Google on Thursday said that it has begun turning electronic copies of printed documents -- PDF files generated from scanned paper -- back into digital text using optical character-recognition (OCR) technology.
"In the past, scanned documents were rarely included in search results as we couldn't be sure of their content," said Google product manager Evin Levey in a blog post. "We had occasional clues from references to the document -- so you might get a search result with a title but no snippet highlighting your query. Today, that changes. We are now able to perform OCR on any scanned documents that we find stored in Adobe's PDF format."
Google is making the converted text of scanned PDFs available on its search results pages via the "View as HTML" link. As an example, this scan of a Consumer Product Safety Commission (CPSC) document about aluminum wiring repair from 2004 is viewable as HTML.
The same search, "repairing aluminum wiring," on Yahoo Search also returned the CPSC PDF as the top result, but the Yahoo's "View as HTML" link showed only blank pages. Microsoft's Live Search and Ask.com also returned the CPSC PDF as the top result. Neither offered a "View as HTML" link.

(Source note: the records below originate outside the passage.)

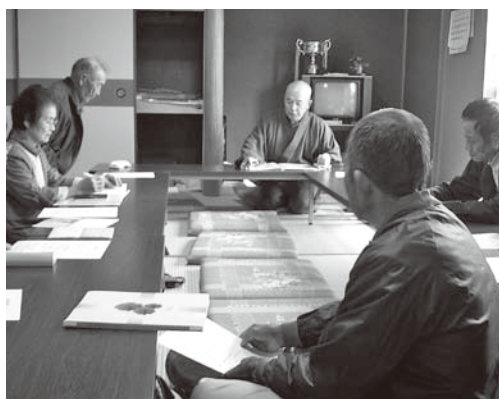
住職さんを招いて

○毎月1回の茶話会とあわせて、住職さんを招いて地域の昔話や歴史を勉強したり、季節の料理を作ってみるなどで食事をしたりと、楽しい活動をしています。
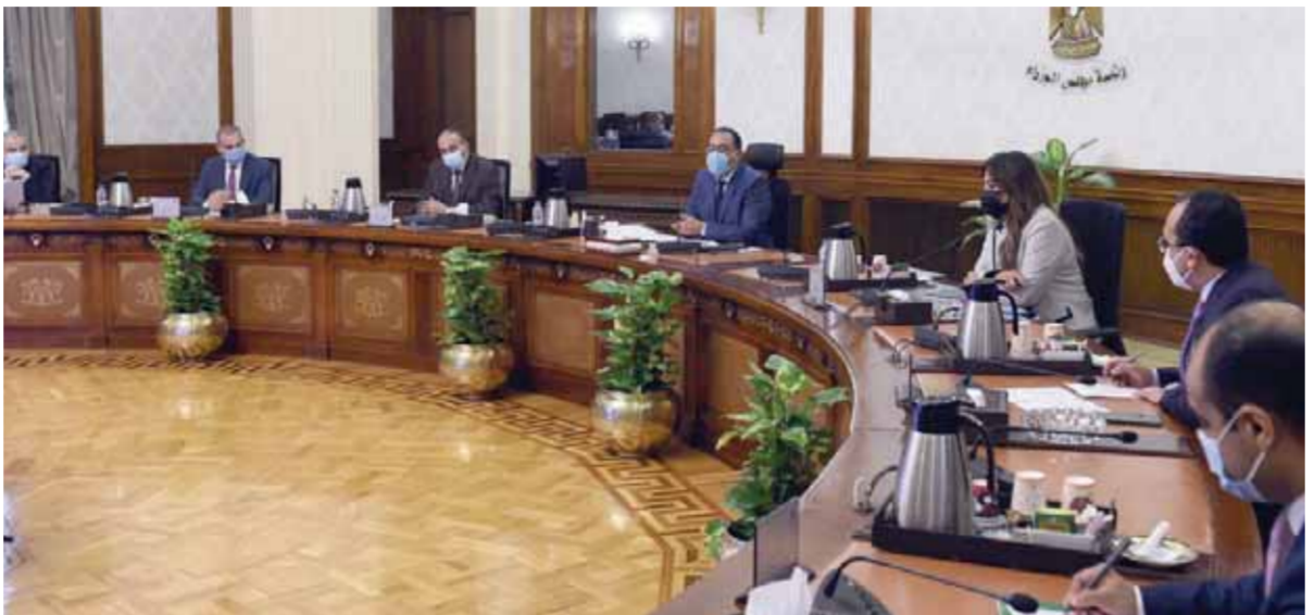
رئيس الوزراء خلال اجتماعه بالمستولين عن تطوير منطقة القاهرة التاريخية

على محاور الحركة الرئيسية بالدرب الأحمر، وترميم مبان ذات قيمة معمارية وتاريخية مثل وكالة نقيسة البيضاء وكالة رضوان بك، مع التعامل وفق إجراءات احترازية مع المبانى المجاورة للمبانى الأثرية أدوات القيمة أثناء التطوير للحفاظ عليها.
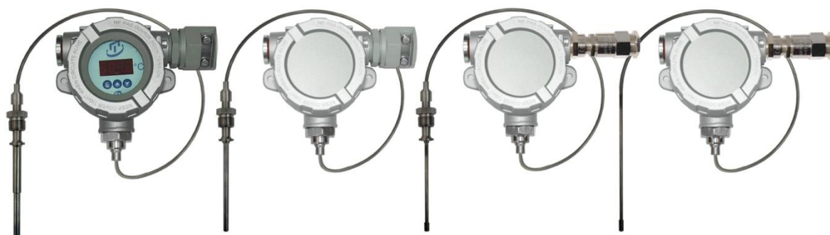
Рисунок 7 – Погружаемые кабельные взрывозащищенные ТС.К-Exd, ТС.К.ИНД-Exd, ТС.К-Exdi, ТС.К.ИНД-Exdi
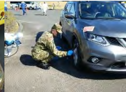
タイヤの除染 (自家用車)
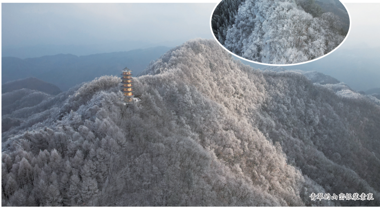
游客在雾凇中漫步观赏
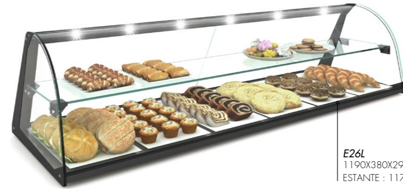
E26L 1190X380X290 ESTANTE : 1175X195
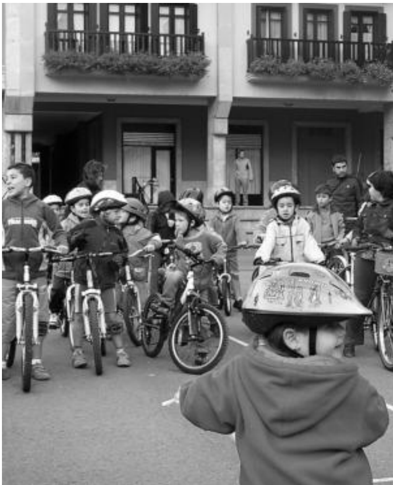
Oinezkoak eta bizikleta gainekoak gainontzeko garraibideen menpe geratzen dira, «alderantziz izan beharrean». Irudian, Anoetako Ikastolako haurrak, bizikleta gainean, iaz, Autorik Gabeko Egunean.

Hori guztia kontuan hartuta, «eta guztion parte-hartzea ezinbestekotzat joz», 2006ko urtarrilean Ernioaldeko Udaltaldea osatzen duten zazpi herrietako biztanleei inkestak egin zizkieten, «herritarrek egunero nola mugitzen diren baloratzeko. Honela, eman daitezkeen datu objektiboez gain, herritarrek euren mugikortasunaz duten ikusapuntua ere kontuan hartu ahal izan dugu». Eskualde eta udalerrri bakoitzak mugikortasuna baldintzatzen duten ezaugarri espezi-ko ugari dituela gogoratu dute,
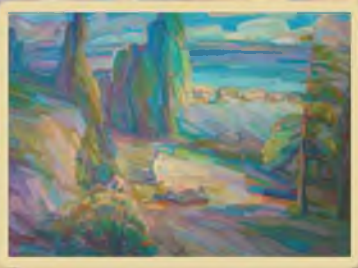
«На Волжских холмах» 60x80, холст, масло. 2011
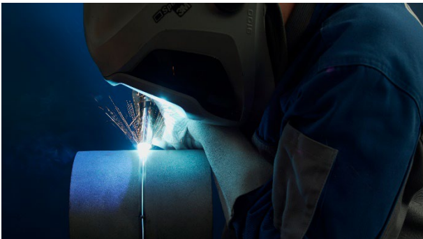
Bild 2: Der Schweißer profitiert von der einfachen Handhabung auch bei anspruchsvollen Bedingungen.
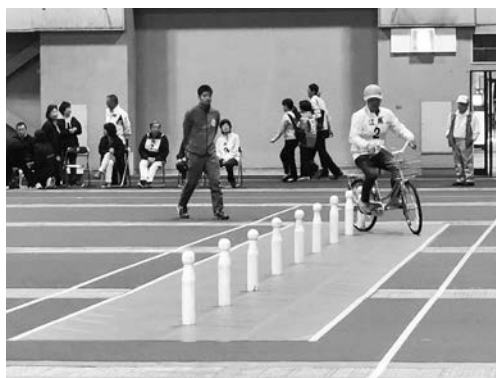
スラローム競技に挑む大口町チームの選手
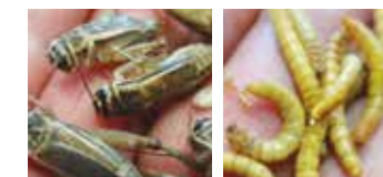
Insekten Paste, Comitrol Processor
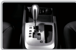
گیربکس اتوماتیک ۶ دنده (شیفترونیک)
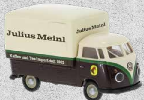
VW T1b Großraumkoffer "Meinl" (A), 1960 Nr. v 32854 21.95 € ▲
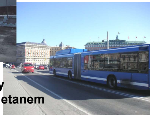
Autobus zasilany sprężonym biometanem
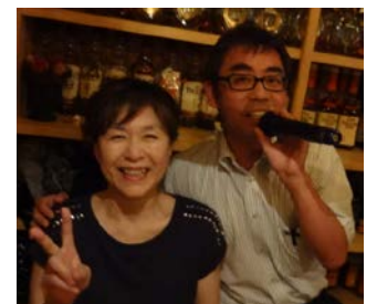
お世話になったママと カメラ担当の白取会員
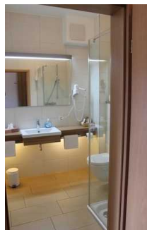
Blick in den Sanitärraum
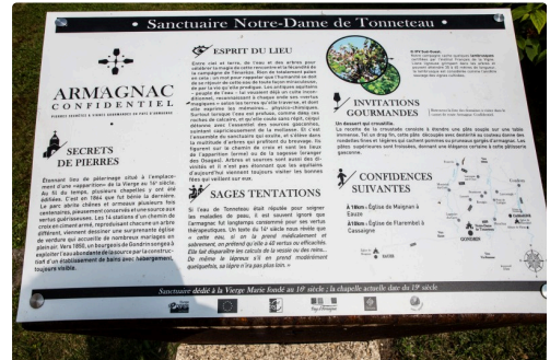
Panneau sur pupitre devant la chapelle du Tonneteau
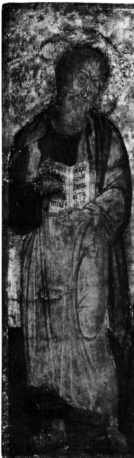
Εικ. 2. Εκκλησιαστικό Μουσείο Σερρών. Ο άγιος Ιωάννης ο Θεολόγος (λεπτομέρεια της Εικ. 1).

περισσότερο την Παναγία που αποτελεί την κυρίαρχη και βαρύνουσα μορφή της σύνθεσης 16 . Τα ιδιαίτερα, μυστικά και θεολογικά μηνύματα που απορρέουν από την εικονογραφία του θέματος τονίζουν και αναδεικνύουν το ύψιστο μήνυμα της Ενσάρκωσης του Λόγου. Η Θεοτόκος και ο άγιος Ιωάννης ο Θεολόγος παραπέμπουν επίσης στο βαθύτερο νόημα τόσο της ανάστασης, όσο και της σωτηρίας του ανθρώπου. Η έντονη περισυλλογή και η βαθιά λύπη που αποτυπώνονται στο πρόσωπο και στη στάση του αγαπημένου μαθητή του Χριστού προσδίδουν δραματική χροιά αλλά και συναισθηματική ένταση στην εικόνα (Εικ. 2 και 3).
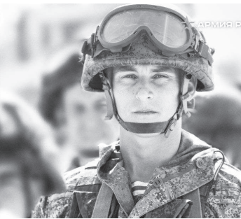
Военный комиссариат г. Радужного.
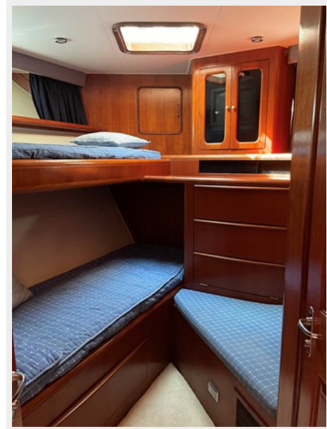
39. Forward Stateroom V-Birth
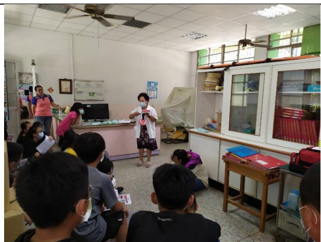
說明：牙醫師進行正確潔牙講座
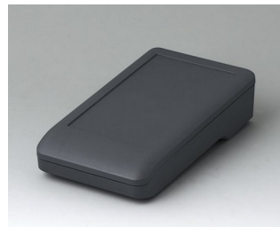
A9005118 DATEC-COMPACT S АСА+ПК (UL 94 V-0) лава 136x74x32mm IP 41
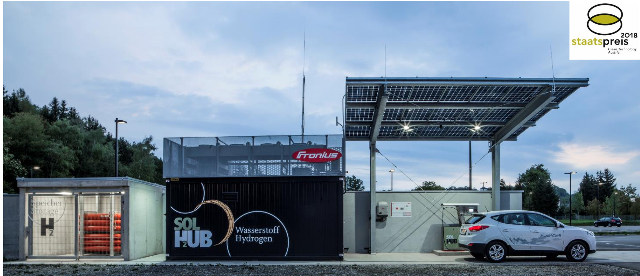
Fronius International GmbH

By turning images of text into text, Google expands its already massive index. As Levey points out, Google's OCR system converts pictures into thousands of words.
"This is a small but important step forward in our mission of making all the world's information accessible and useful," said Levey.
Google's approach doesn't obviate the need to consult the scanned file, however, if it contains images or diagrams. While Google appears to do a good job of converting text, its scans omit graphics. Perhaps in time its engineers will be able to isolate graphic elements in scanned PDFs and insert them into its HTML conversions.
One unfortunate consequence of this is that personal information like Social Security numbers that might have gone unnoticed in scans of court documents may now be discoverable through a Google search. Public.Resource.org, a project that aims to make public government publicly accessible, recently found about 1,700 documents with Social Security numbers or alien identification numbers out of a corpus of 2.5 million court documents that go back decades.
But that's the sort of problem that crops up when you make all the world's information accessible.